STAR MARITIME AND ITS DIRECTORS AND EXECUTIVE OFFICERS MAY BE DEEMED TO BE PARTICIPANTS IN THE SOLICITATION OF PROXIES FOR THE SPECIAL MEETING OF STAR MARITIME'S STOCKHOLDERS TO BE HELD TO APPROVE THE TRANSACTION DESCRIBED IN THIS PRESS RELEASE. STOCKHOLDERS OF STAR MARITIME AND OTHER INTERESTED PERSONS ARE ADVISED TO READ STAR MARITIME'S PRELIMINARY PROXY STATEMENT AND DEFINITIVE PROXY STATEMENT WHEN AVAILABLE BECAUSE THESE PROXY STATEMENTS CONTAIN IMPORTANT INFORMATION.

SUCH PERSONS ARE ALSO ADVISED TO READ STAR MARITIME'S ANNUAL REPORT ON FORM 10-K FOR THE FISCAL YEAR ENDED DECEMBER 31, 2006, FILED ON MARCH 14, 2006, AS WELL AS STAR MARITIME'S QUARTERELY REPORT ON FORM 10-Q FOR THE FISCAL QUARTER ENDED MARCH 31, 2007 FILED ON MAY 10, 2007 FOR A DESCRIPTION OF THE SECURITY HOLDINGS OF STAR MARITIME'S OFFICERS AND DIRECTORS AND THEIR RESPECTIVE INTERESTS SHOULD THE BUSINESS COMBINATION BE CONSUMMATED.

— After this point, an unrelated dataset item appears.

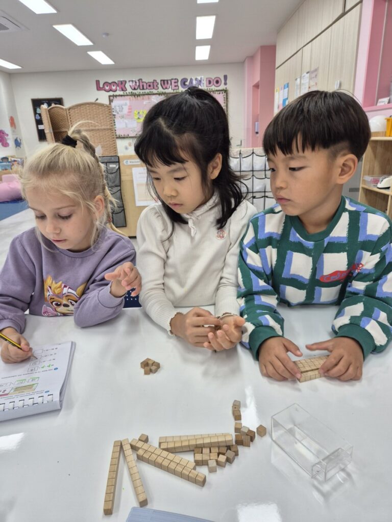 The children are becoming more confident using practical equipment and number lines to show their understanding of addition and subtraction.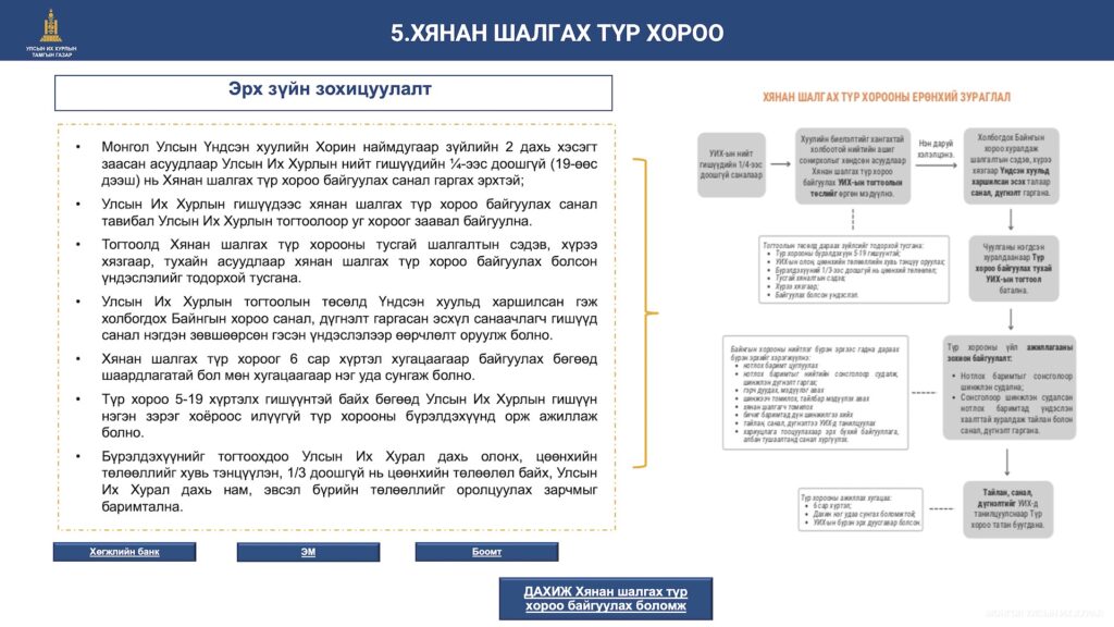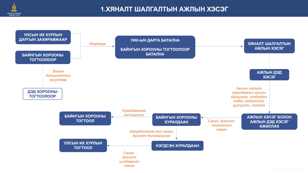 Түүнчлэн томилгооны сонсголын талаар Улсын Их Хурлын тамгын газрын тэргүүн дэд дарга М.Үнэнбат оролцогчдод танилцуулга мэдээлэл хийв.

THE DEFINITIVE PROXY STATEMENT WILL BE MAILED TO STOCKHOLDERS AS OF A RECORD DATE TO BE ESTABLISHED FOR VOTING ON THE BUSINESS COMBINATION. STOCKHOLDERS WILL ALSO BE ABLE TO OBTAIN A COPY OF THE DEFINITIVE PROXY STATEMENT, WITHOUT CHARGE, BY DIRECTING A REQUEST TO:

STAR MARITIME ACQUISITION CORP.
103 FOULK ROAD
WILMINGTON, DELAWARE 19803
ATTENTION: CORPORATE SECRETARY
THE PRELIMINARY PROXY STATEMENT AND DEFINITIVE PROXY STATEMENT, ONCE AVAILABLE, THE ANNUAL REPORT ON FORM 10-K AND QUARTERLY REPORT ON FORM 10-Q CAN ALSO BE OBTAINED, WITHOUT CHARGE, AT THE SECURITIES AND EXCHANGE COMMISSION'S INTERNET SITE AT HTTP://WWW.SEC.GOV.

This press release shall not constitute an offer to sell or the solicitation of an offer to buy securities, nor shall there be any sale of securities in any jurisdiction in which such offer, solicitation or sale would be unlawful under the securities laws of such jurisdiction.